TL;DR - complicated data structure that needs to summed up, running into “app too busy” errors.

Preface: I’m building a management tool for race teams. Starting out with a parts inventory.
The relevant Things are: Part, Part Movement, Part Category, Part Prices, and Applications.
Here’s a simplified diagram of the Things and their links:

Any constructive criticism is most welcome about this setup!

Here’s the logic for the setup:

Each part can be in multiple categories
Each part can be applicable to one or more manufacturers, models, or car types
(for example, a windshield wiper might be applicable across the board, whereas a steering wheel will be specific to a single manufacturer, model and car type)
Each part can have multiple prices across time (a price for a part might go up or down), or depending of it’s condition (for example, a used engine with 10k miles will have a different price than a brand new engine or one with 5k miles, but they remain the same part)
To track inventory as well as services done on a car, any new entry is done as a Part Movement.
- Ordered a new part and adding it to inventory? Add a new part movement with +1 for Qty. Choose a price linked to that part and the values copy to the part movement (to keep historical records)
- Used a part in a car service? Add a new part movement with -1 for Qty. Choose a price linked to that part and the values copy to the part movement (to keep historical records)

This is where we get to the reporting!
First, here’s a sample of a report:

We need to see a summary of the total cost and retail value of all parts.
Let’s keep in mind that we’ll need to filter the report as well (i.e.

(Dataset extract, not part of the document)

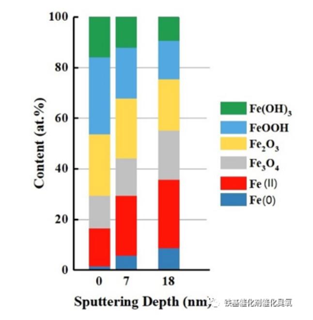 我們的鐵基催化劑與其他催化劑不同,不是通過(guò)“浸漬”、“燒結(jié)”等工序制備的;而是通過(guò)在液相中迅速氧化,使鐵刨花表面形成致密γ-FeOOH膜(當(dāng)然是相對(duì)的,詳見(jiàn)XPS蝕刻表征圖,表面以Fe(III)為主),成為臭氧分解的催化層;同時(shí),它又是內(nèi)部Fe(0)氧化的鈍化層。這種制備方法優(yōu)點(diǎn):一是工藝簡(jiǎn)單,一步完成;二是表面主要成份為γ-FeOOH,催化臭氧效果好。而燒結(jié)方法,表面不會(huì)形成過(guò)渡金屬羥基化物(Me-OH),理論認(rèn)為:表面羥基(-OH)才是催化臭氧的有效官能團(tuán)。

Generating a report that contains parts for only a specific vehicle).

For each part, we need to search for it’s Part Movements.

Drilling down further, for each Part Movement we need to calculate the following for new, used and total:

Step 1

Qty * Cost (Total Cost)
Qty * Retail (Total Retail)

Now that we have the Cost and Retail for each Part Movement, we move back up to the Part level.

Step 2
For each Part, we need to sum the following for all of it’s Part Movements:

Total Qty Used
Total Qty New
Total Qty
Avg Cost
Avg Retail
Total Used Cost (sum of filtered Step 1)
Total Used Retail (sum of filtered Step 1)
Total New Cost (sum of filtered Step 1)
Total New Retail (sum of filtered Step 1)
Total Cost (sum of Step 1)
Total Retail (sum of Step 1)

My main concern at this point is that I haven’t found a way to catch if the workflows below fail and deal with it accordingly.

My gut also tells me there’s a much better way to do this, but I can’t for the life of me figure it out.

I did test generating these values and some of the totals as each Thing is created or modified using backend triggers.
It seems these triggers are only somewhat reliable. It’s happened that triggers just didn’t run, and the report ended up being off since the “total” fields were blank. It seems safer to generate the values on request

If any of you have any advice, it would be much appreciated, and thank you for reading this whole novel! Hopefully this proves useful for others as well.

Here’s what I’ve done so far, doing hours of testing and failing.

Test: Repeating group of parts that sums and filters as required directly on the front end.
Text elements with many “search for” and advanced filters to account for filtering by items in a list that can’t be done with a regular search filter (i.e. User selects filter by Manuf 1 and Manuf 2, need an advanced filter to intersect those values with the values in the Part’s Applicable manufacturers).
Result: Way too slow, page starts timing out and getting Chrome errors about unresponsiveness when a report contains anything over 100 parts.
While this always ended up displaying the data, the fields became unmanageable very quickly, and it’s terrible UX to have Chrome say the page is unresponsive.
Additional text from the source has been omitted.